(Data excerpts)

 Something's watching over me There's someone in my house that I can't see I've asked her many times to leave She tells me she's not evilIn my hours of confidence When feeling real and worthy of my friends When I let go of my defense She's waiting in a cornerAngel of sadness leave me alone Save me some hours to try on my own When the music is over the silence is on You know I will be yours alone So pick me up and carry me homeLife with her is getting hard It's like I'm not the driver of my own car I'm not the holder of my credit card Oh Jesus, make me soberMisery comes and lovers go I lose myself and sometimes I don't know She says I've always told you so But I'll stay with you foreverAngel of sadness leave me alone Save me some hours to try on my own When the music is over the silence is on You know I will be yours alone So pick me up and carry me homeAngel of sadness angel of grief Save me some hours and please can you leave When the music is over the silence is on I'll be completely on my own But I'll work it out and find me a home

(End Data excerpts)
(Data excerpts)

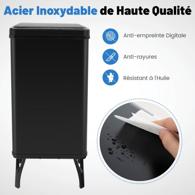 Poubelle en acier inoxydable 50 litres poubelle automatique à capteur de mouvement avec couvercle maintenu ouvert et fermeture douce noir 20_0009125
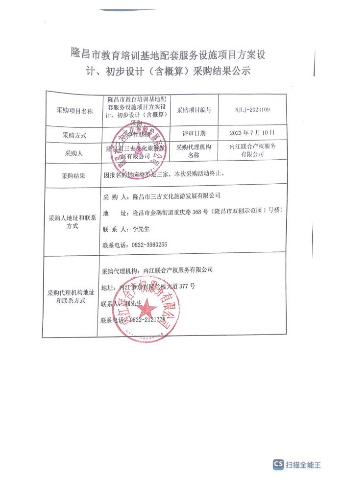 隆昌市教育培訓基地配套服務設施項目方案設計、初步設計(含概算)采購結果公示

(End Data excerpts)
(Data excerpts)

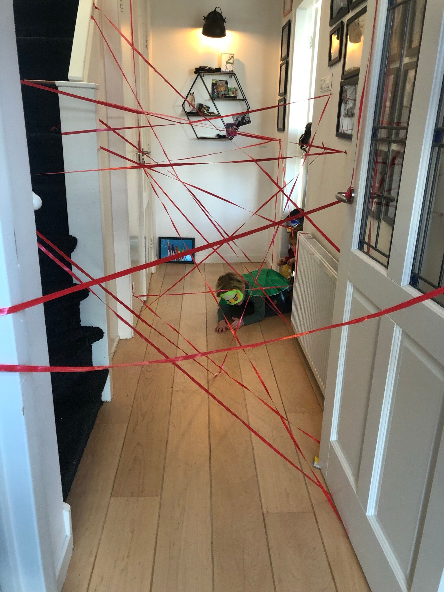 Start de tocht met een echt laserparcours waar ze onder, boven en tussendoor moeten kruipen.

(End Data excerpts)

**Work required:**
Only the lines above starting with the line with "Poubelle en acier" and going on through the line with "隆昌市教育培訓基地配套服務設施項目方案設計、初步設計(含概算)采購結果公示" belong in the answer; repeat them exactly, minus any picture.

**Answer space:**
 Poubelle en acier inoxydable 50 litres poubelle automatique à capteur de mouvement avec couvercle maintenu ouvert et fermeture douce noir 20_0009125
 隆昌市教育培訓基地配套服務設施項目方案設計、初步設計(含概算)采購結果公示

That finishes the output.